Of course, we understand. We say fever due to what? Pneumococcus, due to COVID-19, what it is. The people should be doing the same with Alzheimer’s. You should never say someone has Alzheimer’s and then have a period. Alzheimer’s due to what? Now you brought up the point about what happens to the facilities when people are there. About 80% of the people who enter those facilities have some cognitive changes, and we’re actually now just in the middle of setting up a program so that there can be improvements. And there’s a wonderful place in San Diego called Marama, M-A-R-A-M-A. Set up by Dr. Heather Sandison. And I think you know Heather, that works with people in residential assisted living and tries to improve them. And she’s seeing wonderful results with people in the facility. So that’s the way of the future. And you’re right, when people stop coming, there is more anxiety, unfortunately people go downhill more rapidly. There’s less social networking, there’s less of a reason.
Of course, there’s less of a reason to live. That’s the bottom line. You need that support, just as a professor, Mike Merzenich has pointed out over the years with his wonderful brain training that he developed. You have to have that use of this amazing 500 trillion synapse network that you have inside your skull. And you’ve got to have stimulation of that. And of course, just as you’ve seen, and we’ve seen as well when we treat these people with cognitive decline, the ones that do the best are the ones that have some form of stimulation included in the overall program. Whether you like BioLite, whether you like magnetic stimulation, whether its social interaction, whether it’s brain training or all of the above, this is really helpful. And so you’re right losing that is a real problem.
I love what you said about, “It should never be followed by a period.” And I know you’ve been saying that forever about depression, anxiety, even Alzheimer’s. It’s many things.
It’s all of these thing. None of the mental health problems are single or simple disorders. There’re many roads to it.
There’s an underlying course.
And I love Dale, your analogy. It’s like you have a roof and there’s not one leak. It’s like, there’s 36 different leaks. And if you don’t go plug all of them, you’re not going to have a dry house.
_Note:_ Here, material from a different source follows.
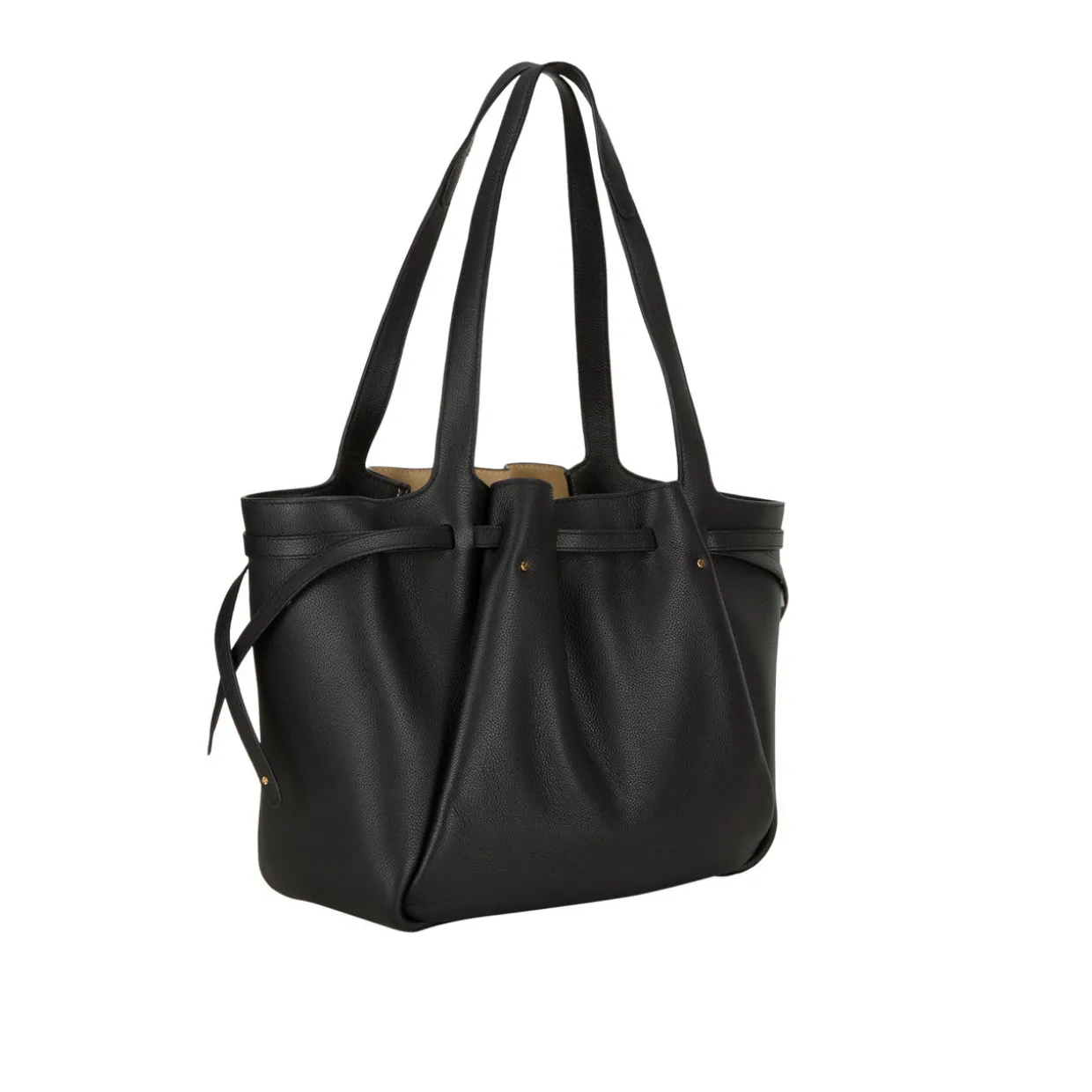 - Pebbled leather, magnetic snap closure, belted strap with stud closure, double top handles, gold-tone logo hardware, dust bag

Absolutely. And there’s a threshold again, just as Dr. Dean Ornish showed 35 years ago, when you’re trying to reverse atherosclerosis, you have got to get over that threshold. There’s a threshold you’re putting down the plaque and it’s because you’ve got more putting down than taking up. At some point, you’re going to get on the good side of that threshold. And of course you see the same thing with things like depression and autism. We see the same thing with cognitive decline. People are on the wrong side where they’re, synaptoclastic, they’re pulling back signals, outweigh their synaptoblastic just as you have with osteoporosis where you’ve got too much uptake of bone and not enough putting it down, same thing with synaptic formation and maintenance. And so you’ve got to do everything possible to get over that threshold. Now you start to see actual improvement, and it’s not magic. It’s simply biochemistry and neurochemistry. You need to address that, and then you start to see people improving.
So exciting. What are some of the practical things you think people should be doing every day to maintain their brain?
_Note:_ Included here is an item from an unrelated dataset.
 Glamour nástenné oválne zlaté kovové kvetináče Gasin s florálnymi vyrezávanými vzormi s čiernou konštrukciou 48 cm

Yeah, and I think you’ve written about this beautifully and extensively over the years. And I think that there’s a whole host of things that so many of us tend to forget. And it really does start with honoring some of our ancestral traits and basically things that give us our humanness. We were built evolutionarily and we see this beautifully with, APOE4 for example, because all of us were APOE 44, the very thing that we think of as high risk for Alzheimer’s.
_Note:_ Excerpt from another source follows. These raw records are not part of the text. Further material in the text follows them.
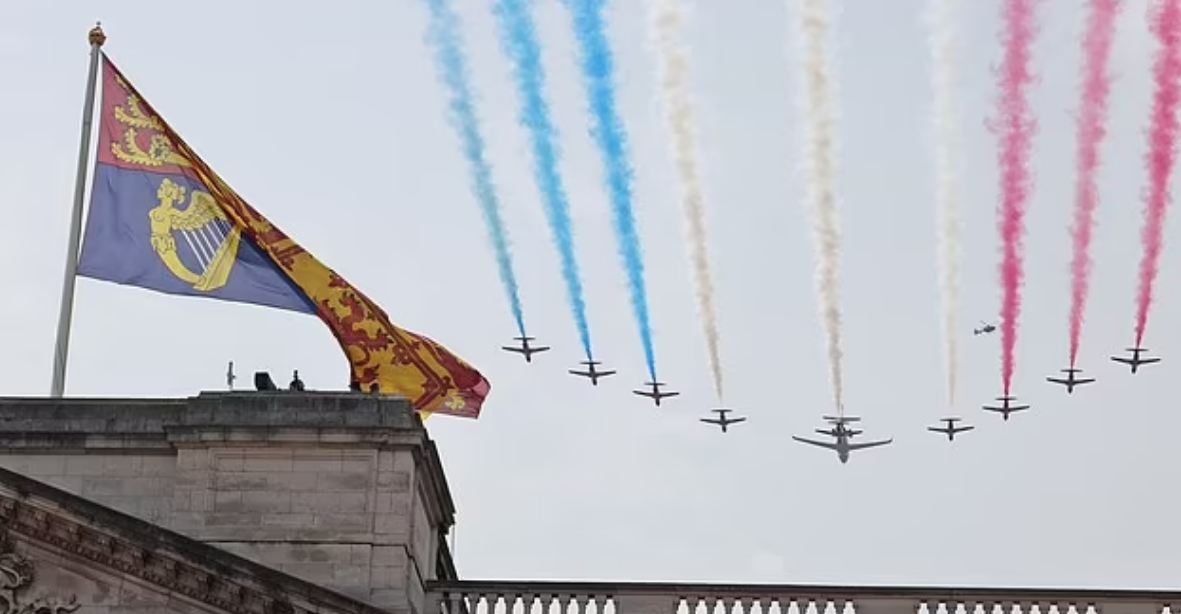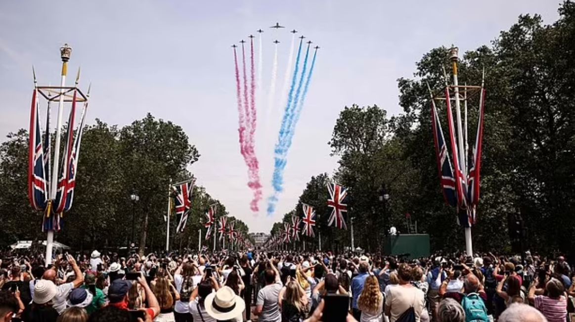والمفارقة هذا العام كانت العرض الجوي التقليدي الذي اختتم الاحتفال تعويضًا عن إلغاء العرض الذي كان مقررًا تنظيمه بمناسبة تتويج الملك في السادس من مايو بسبب سوء الأحوال الجوية.
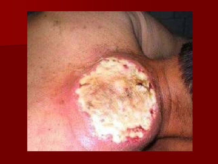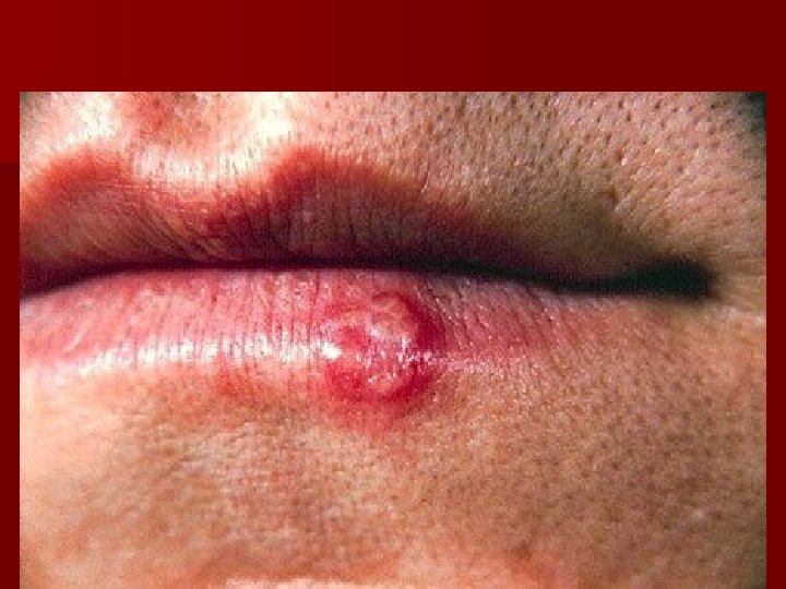 Types of Skin Cancer n Basal cell carcinoma- most common, 30% of all white skin people get it. – – – n Arises from the stratum basale layer of the skin 99% curable if caught early Dome shaped nodules that form an ulcer in the center. Squamous Cell carcinoma– – – Arise from stratum spinosum Grows rapidly and metastasizes if not removed Small red rounded elevation on the skin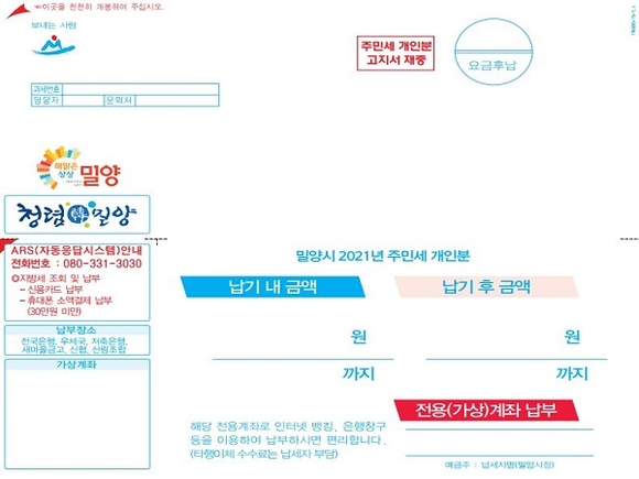 이번에 부과된 재산세 고지서를 보면 주요 정보가 큰 글씨로 표기돼 있는 것을 확인할 수 있다. 어르신들이 고지서 수령 후 작은 글씨로 표기된 내용의 확인이 어려워 행정복지센터에 연락하는 것을 본 상동면 직원이 어르신용 지방세 고지서를 제작하자는 의견을 냈다. 시청 세무과에서 이를 반영해 6월 자동차세부터 고지서의 주요 정보를 큰 글씨로 제작한 것이다.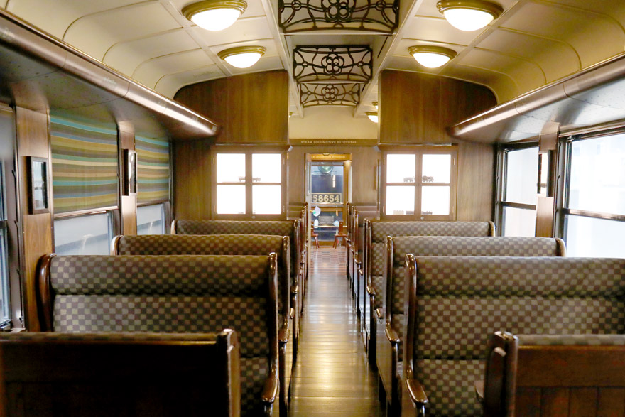 〔 SL人吉 3号車 真ん中の仕切りを挟んで両側共に茶色の布のボックスシートが配置。 R.5. 8. 21 撮影 〕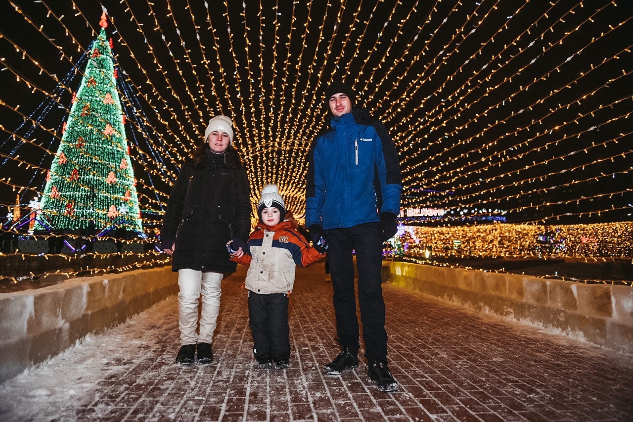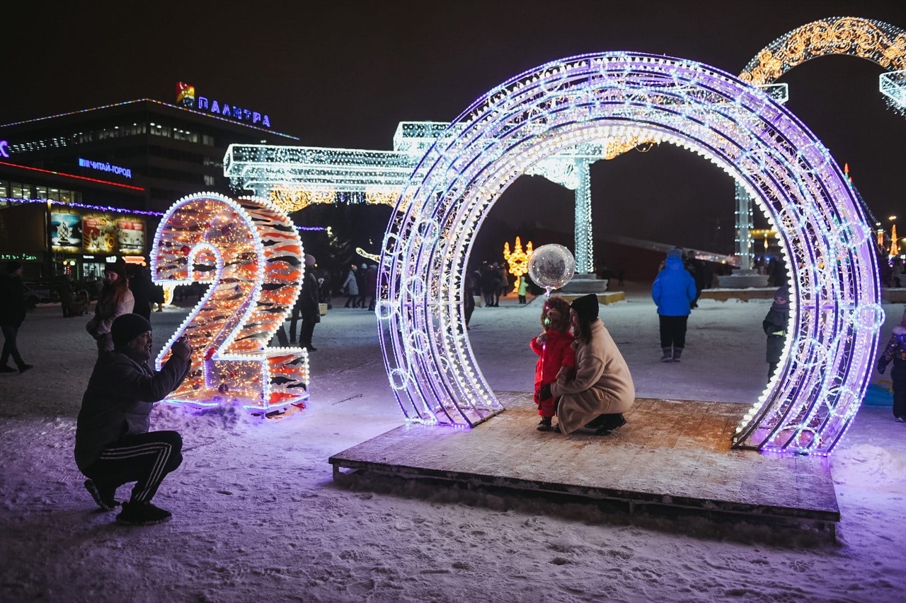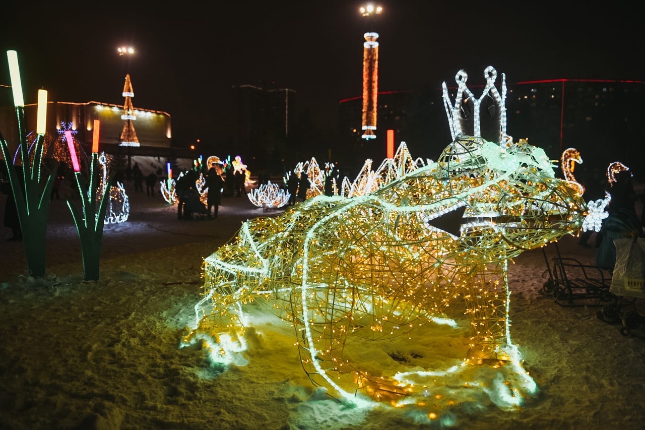 Перед зрителями прошла карнавальная колонна: снеговики, медведи, деды морозы и шахматные фигуры, на главной сцене выступили творческие коллективы и солисты города.

That was all we had as hominids for 96% of our evolution. And it’s just the last 4%, last 220,000 years, APOE3 appeared. And then the last 80,000 years APOE2 appeared. So honoring your ancestral, the way that we were designed evolutionarily, and that starts with getting appropriate sleep just as you indicated, what you see on your SPECT scans when people have sleep apnea is a huge issue. So many people don’t realize. So that’s the first thing to do, find out where you stand with your sleep. And then getting up at an appropriate time and going to bed at an appropriate time. We really again, were made not to be burning the midnight oil staying up happen of course, anyone who trained as an intern and a resident, unfortunately had to stay up. I have no question, I did my brain a lot of damage by being an intern and a resident in medicine and neurology years and years ago. Because you’re staying up all night, night after night, after night, very bad for your brain.
But then, knowing where you stand with a number of your biochemical parameters, I wasn’t trained as a nutritionist. So I’m just trying to get people to get the optimal biochemistry. You want to have your Omega-3 Index be up at 10%, 11%, not down at four or 5%. That’s a critical thing. Knowing that being able to make those things that are going to help you resolve inflammation [crosstalk [00:07:27].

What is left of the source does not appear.